Instructions for the task — Only text is carried over. Reproduce the entries below exactly.

(Stored dataset items)
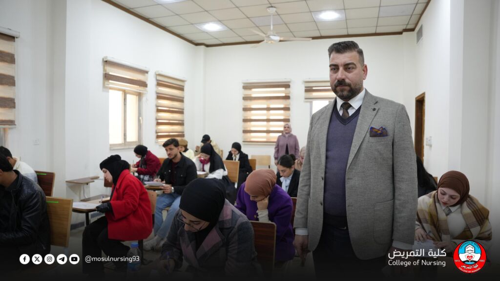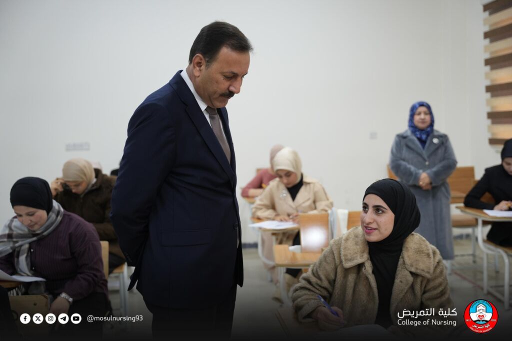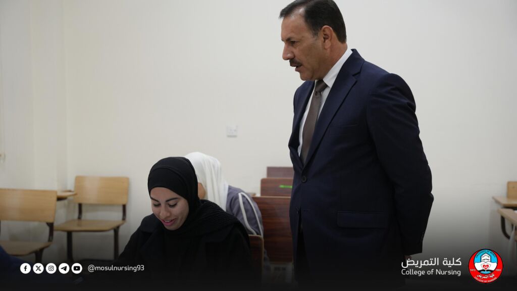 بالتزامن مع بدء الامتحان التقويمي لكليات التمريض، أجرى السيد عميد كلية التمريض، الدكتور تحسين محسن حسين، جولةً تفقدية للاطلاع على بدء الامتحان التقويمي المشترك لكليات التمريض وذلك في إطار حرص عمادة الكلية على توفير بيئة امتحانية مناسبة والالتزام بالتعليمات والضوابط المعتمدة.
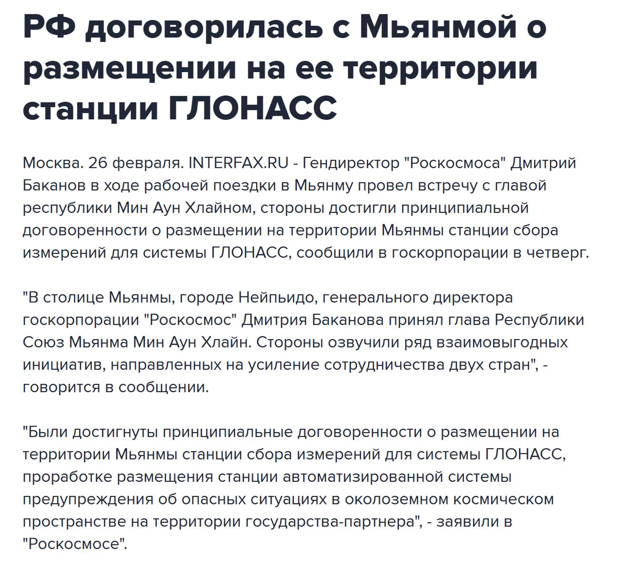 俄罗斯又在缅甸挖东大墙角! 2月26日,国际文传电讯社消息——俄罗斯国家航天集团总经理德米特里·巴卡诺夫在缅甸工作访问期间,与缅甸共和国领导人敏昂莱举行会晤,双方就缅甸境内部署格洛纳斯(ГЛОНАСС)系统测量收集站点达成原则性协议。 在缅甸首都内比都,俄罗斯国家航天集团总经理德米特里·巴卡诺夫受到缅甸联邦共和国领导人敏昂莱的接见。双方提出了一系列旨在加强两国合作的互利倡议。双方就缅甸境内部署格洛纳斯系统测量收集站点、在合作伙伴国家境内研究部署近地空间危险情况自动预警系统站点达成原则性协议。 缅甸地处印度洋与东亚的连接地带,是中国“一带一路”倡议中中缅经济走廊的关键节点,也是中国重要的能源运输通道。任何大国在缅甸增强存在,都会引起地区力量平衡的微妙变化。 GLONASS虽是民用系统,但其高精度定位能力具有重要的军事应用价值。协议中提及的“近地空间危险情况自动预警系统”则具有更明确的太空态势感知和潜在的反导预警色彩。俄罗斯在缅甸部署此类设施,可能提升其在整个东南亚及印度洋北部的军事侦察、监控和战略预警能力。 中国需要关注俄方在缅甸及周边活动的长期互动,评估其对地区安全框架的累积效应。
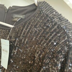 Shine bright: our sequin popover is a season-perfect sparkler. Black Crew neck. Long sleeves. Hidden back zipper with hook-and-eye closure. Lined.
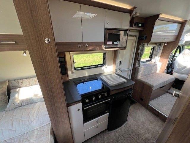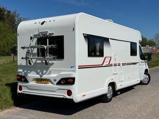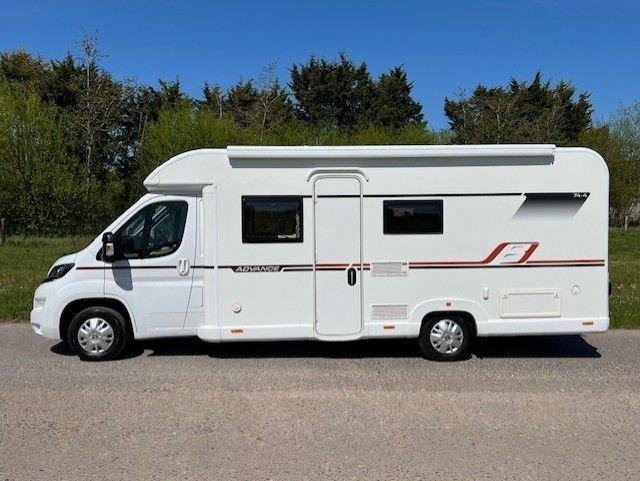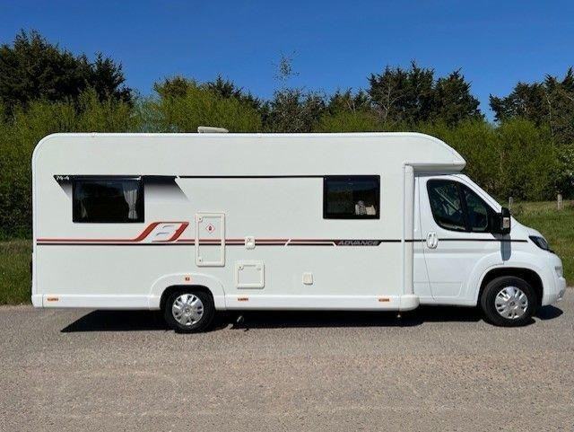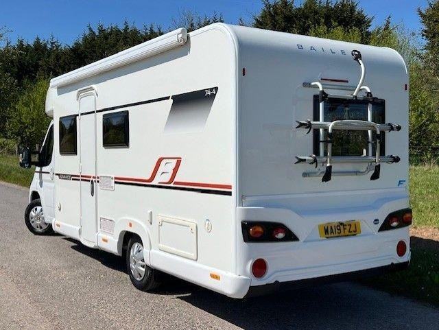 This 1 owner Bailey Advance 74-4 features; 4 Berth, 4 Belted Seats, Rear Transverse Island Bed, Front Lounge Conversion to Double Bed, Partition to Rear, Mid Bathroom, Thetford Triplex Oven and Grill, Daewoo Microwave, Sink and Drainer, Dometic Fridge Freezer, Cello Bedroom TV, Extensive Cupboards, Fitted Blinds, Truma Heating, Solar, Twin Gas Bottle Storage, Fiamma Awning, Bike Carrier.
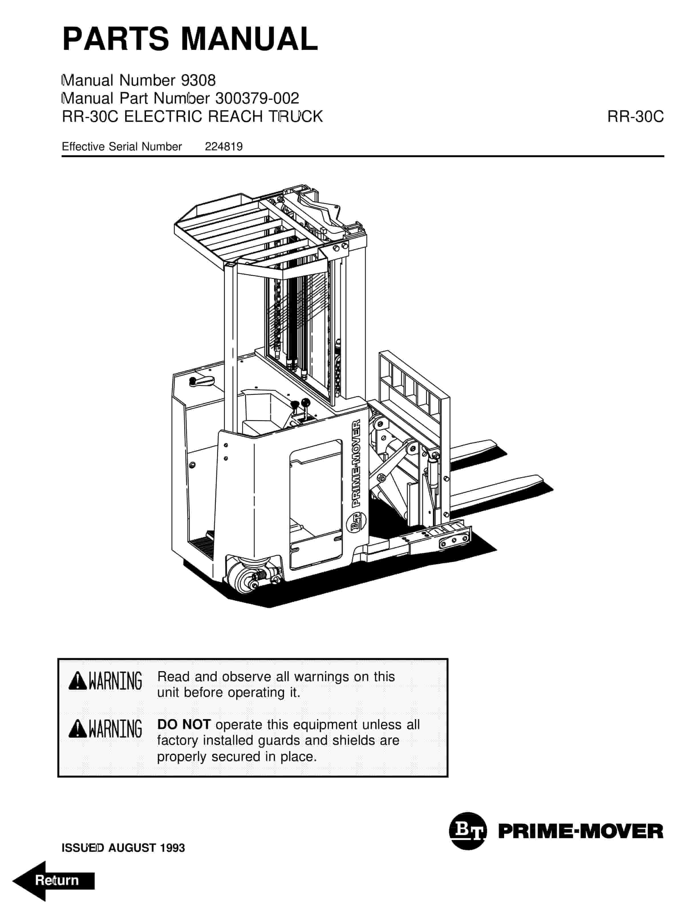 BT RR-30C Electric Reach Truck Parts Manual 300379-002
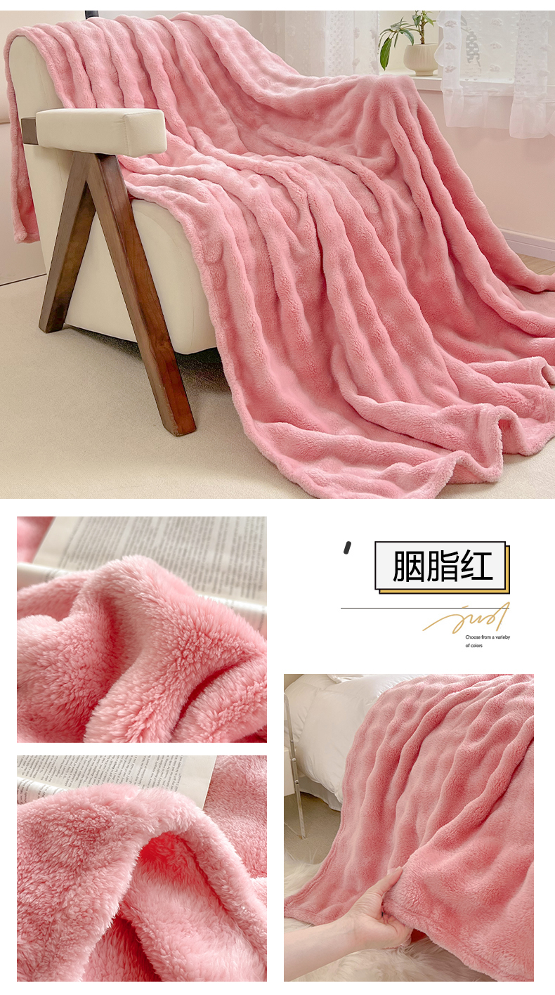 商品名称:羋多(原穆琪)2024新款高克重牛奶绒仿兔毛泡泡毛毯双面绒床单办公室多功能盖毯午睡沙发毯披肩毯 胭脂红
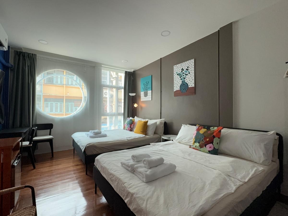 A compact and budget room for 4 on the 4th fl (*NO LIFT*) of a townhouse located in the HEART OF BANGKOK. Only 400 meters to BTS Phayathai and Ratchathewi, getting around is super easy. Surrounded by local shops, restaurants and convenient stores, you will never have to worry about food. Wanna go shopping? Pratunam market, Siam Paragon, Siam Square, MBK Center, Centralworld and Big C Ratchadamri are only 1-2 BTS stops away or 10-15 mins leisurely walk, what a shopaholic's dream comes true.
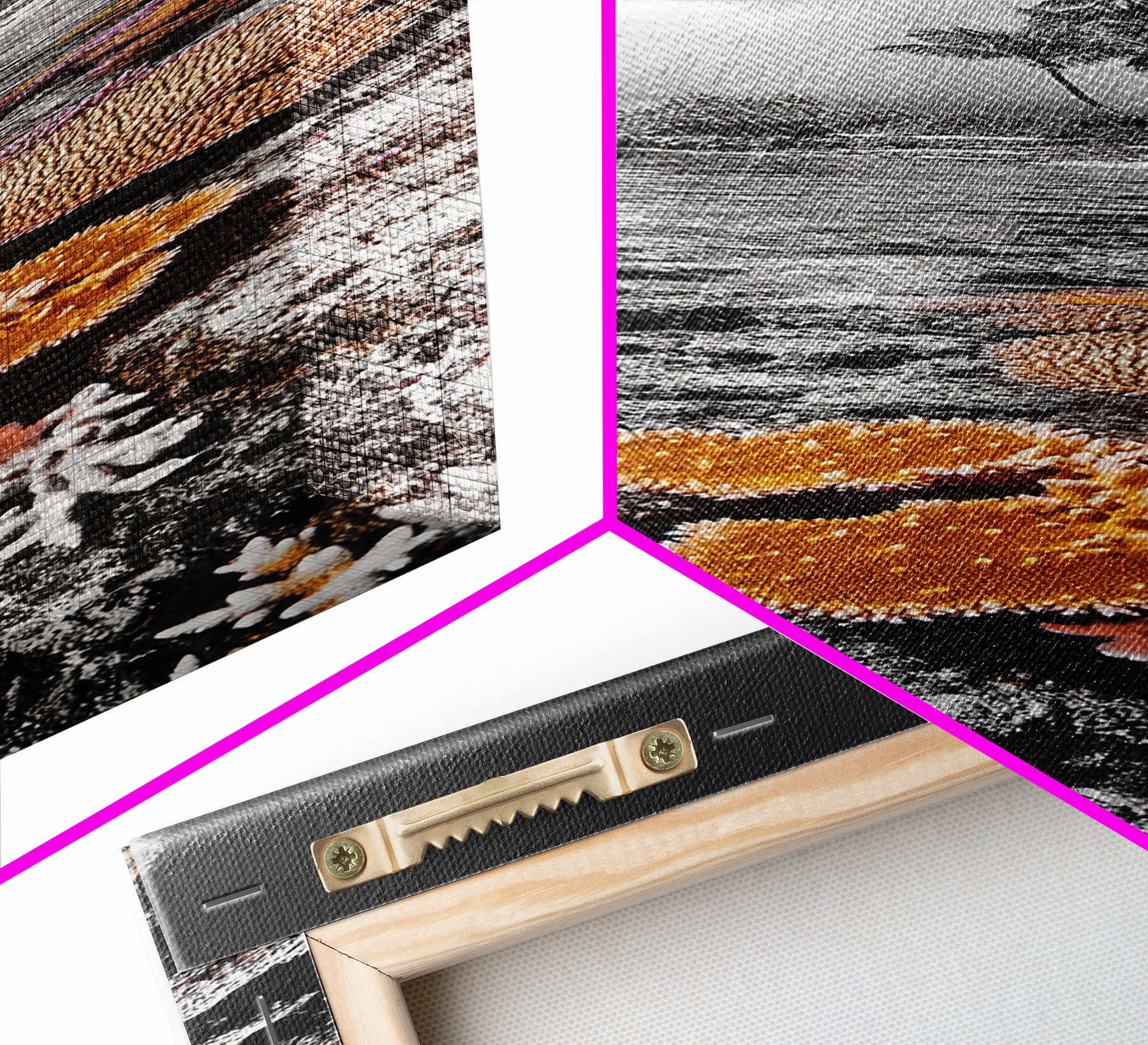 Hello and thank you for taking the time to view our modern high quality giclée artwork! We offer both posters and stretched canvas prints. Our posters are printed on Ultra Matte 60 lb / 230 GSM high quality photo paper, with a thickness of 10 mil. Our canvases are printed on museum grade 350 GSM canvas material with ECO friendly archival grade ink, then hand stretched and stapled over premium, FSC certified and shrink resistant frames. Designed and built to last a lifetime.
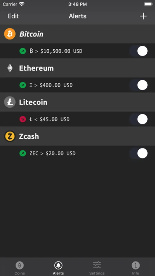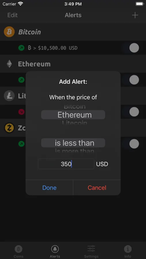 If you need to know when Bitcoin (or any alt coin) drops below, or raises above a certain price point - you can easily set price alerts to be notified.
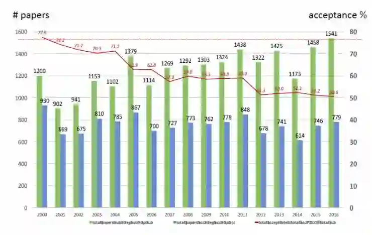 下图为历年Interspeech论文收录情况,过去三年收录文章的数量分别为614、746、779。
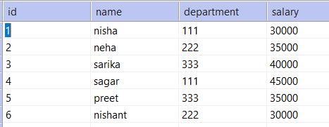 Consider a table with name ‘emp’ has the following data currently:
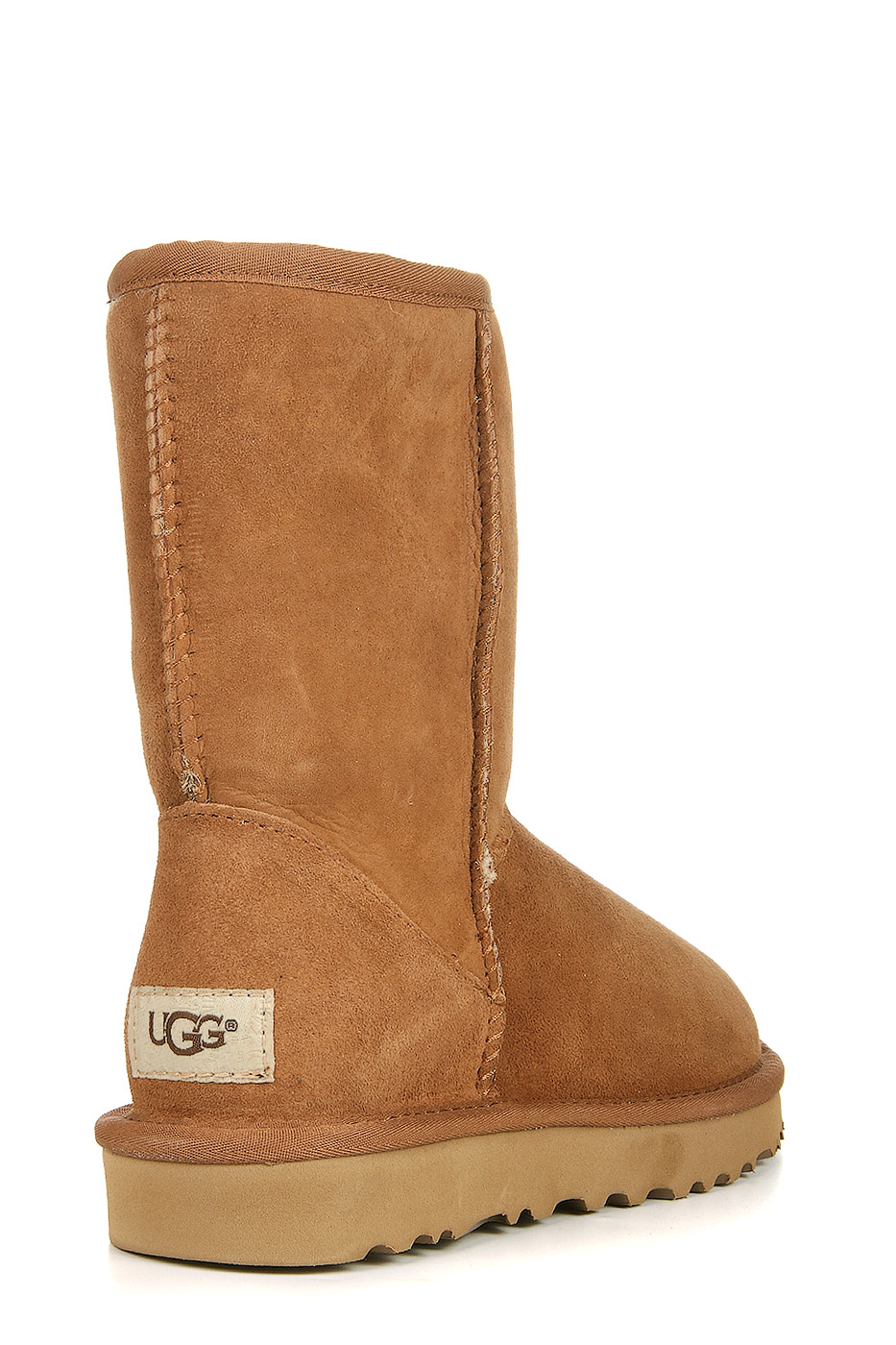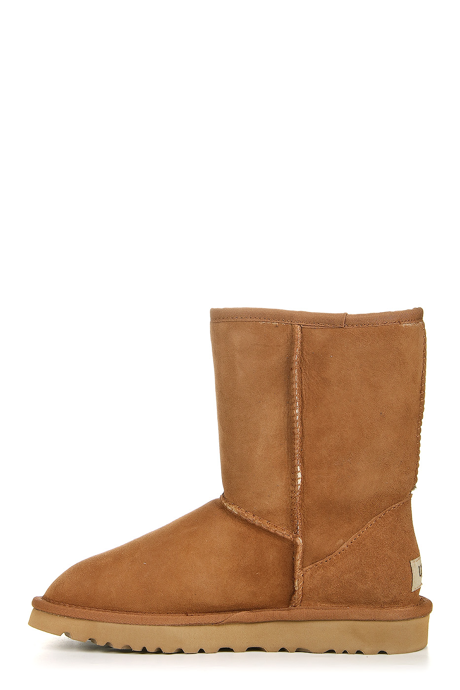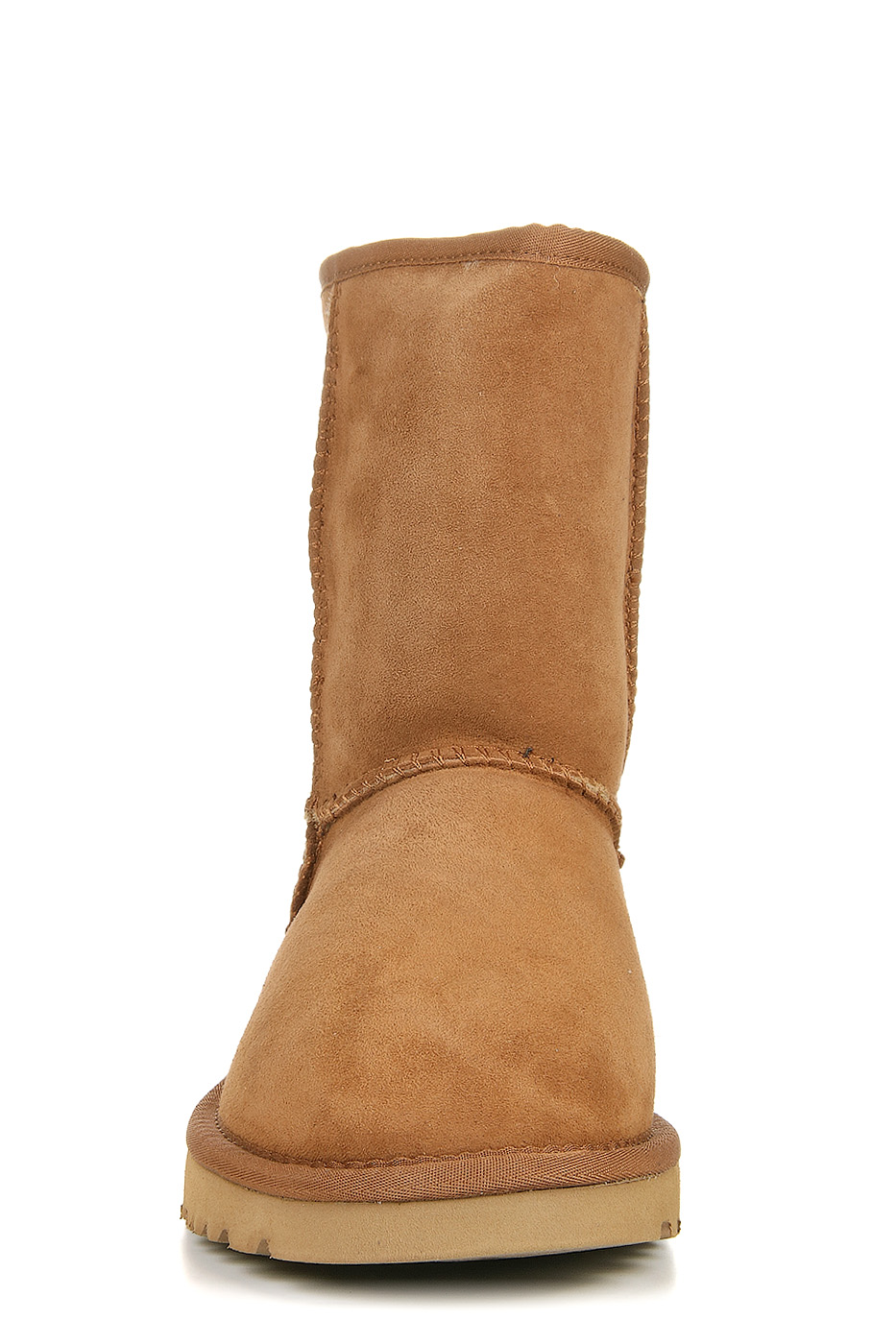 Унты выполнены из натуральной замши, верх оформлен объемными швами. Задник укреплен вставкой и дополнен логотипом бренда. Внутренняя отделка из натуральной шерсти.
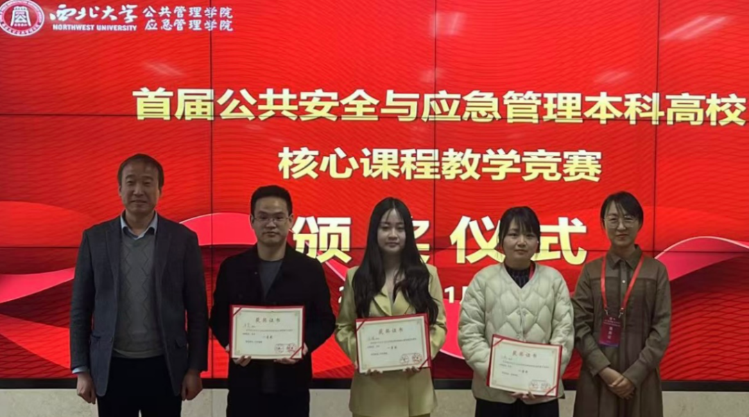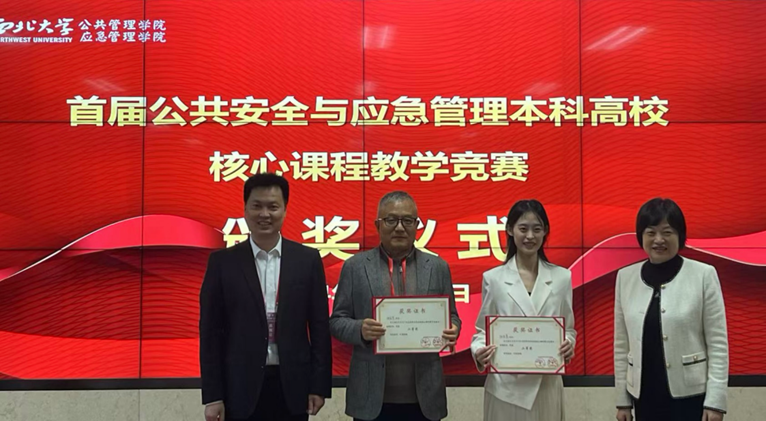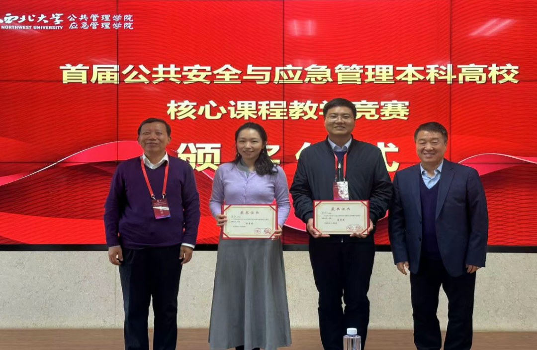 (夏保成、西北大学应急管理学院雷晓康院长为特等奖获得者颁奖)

Answer below —
 بالتزامن مع بدء الامتحان التقويمي لكليات التمريض، أجرى السيد عميد كلية التمريض، الدكتور تحسين محسن حسين، جولةً تفقدية للاطلاع على بدء الامتحان التقويمي المشترك لكليات التمريض وذلك في إطار حرص عمادة الكلية على توفير بيئة امتحانية مناسبة والالتزام بالتعليمات والضوابط المعتمدة.
 俄罗斯又在缅甸挖东大墙角! 2月26日,国际文传电讯社消息——俄罗斯国家航天集团总经理德米特里·巴卡诺夫在缅甸工作访问期间,与缅甸共和国领导人敏昂莱举行会晤,双方就缅甸境内部署格洛纳斯(ГЛОНАСС)系统测量收集站点达成原则性协议。 在缅甸首都内比都,俄罗斯国家航天集团总经理德米特里·巴卡诺夫受到缅甸联邦共和国领导人敏昂莱的接见。双方提出了一系列旨在加强两国合作的互利倡议。双方就缅甸境内部署格洛纳斯系统测量收集站点、在合作伙伴国家境内研究部署近地空间危险情况自动预警系统站点达成原则性协议。 缅甸地处印度洋与东亚的连接地带,是中国“一带一路”倡议中中缅经济走廊的关键节点,也是中国重要的能源运输通道。任何大国在缅甸增强存在,都会引起地区力量平衡的微妙变化。 GLONASS虽是民用系统,但其高精度定位能力具有重要的军事应用价值。协议中提及的“近地空间危险情况自动预警系统”则具有更明确的太空态势感知和潜在的反导预警色彩。俄罗斯在缅甸部署此类设施,可能提升其在整个东南亚及印度洋北部的军事侦察、监控和战略预警能力。 中国需要关注俄方在缅甸及周边活动的长期互动,评估其对地区安全框架的累积效应。
 Shine bright: our sequin popover is a season-perfect sparkler. Black Crew neck. Long sleeves. Hidden back zipper with hook-and-eye closure. Lined.
 This 1 owner Bailey Advance 74-4 features; 4 Berth, 4 Belted Seats, Rear Transverse Island Bed, Front Lounge Conversion to Double Bed, Partition to Rear, Mid Bathroom, Thetford Triplex Oven and Grill, Daewoo Microwave, Sink and Drainer, Dometic Fridge Freezer, Cello Bedroom TV, Extensive Cupboards, Fitted Blinds, Truma Heating, Solar, Twin Gas Bottle Storage, Fiamma Awning, Bike Carrier.
 BT RR-30C Electric Reach Truck Parts Manual 300379-002
 商品名称:羋多(原穆琪)2024新款高克重牛奶绒仿兔毛泡泡毛毯双面绒床单办公室多功能盖毯午睡沙发毯披肩毯 胭脂红
 A compact and budget room for 4 on the 4th fl (*NO LIFT*) of a townhouse located in the HEART OF BANGKOK. Only 400 meters to BTS Phayathai and Ratchathewi, getting around is super easy. Surrounded by local shops, restaurants and convenient stores, you will never have to worry about food. Wanna go shopping? Pratunam market, Siam Paragon, Siam Square, MBK Center, Centralworld and Big C Ratchadamri are only 1-2 BTS stops away or 10-15 mins leisurely walk, what a shopaholic's dream comes true.
 Hello and thank you for taking the time to view our modern high quality giclée artwork! We offer both posters and stretched canvas prints. Our posters are printed on Ultra Matte 60 lb / 230 GSM high quality photo paper, with a thickness of 10 mil. Our canvases are printed on museum grade 350 GSM canvas material with ECO friendly archival grade ink, then hand stretched and stapled over premium, FSC certified and shrink resistant frames. Designed and built to last a lifetime.
 If you need to know when Bitcoin (or any alt coin) drops below, or raises above a certain price point - you can easily set price alerts to be notified.
 下图为历年Interspeech论文收录情况,过去三年收录文章的数量分别为614、746、779。
 Consider a table with name ‘emp’ has the following data currently:
 Унты выполнены из натуральной замши, верх оформлен объемными швами. Задник укреплен вставкой и дополнен логотипом бренда. Внутренняя отделка из натуральной шерсти.
 (夏保成、西北大学应急管理学院雷晓康院长为特等奖获得者颁奖)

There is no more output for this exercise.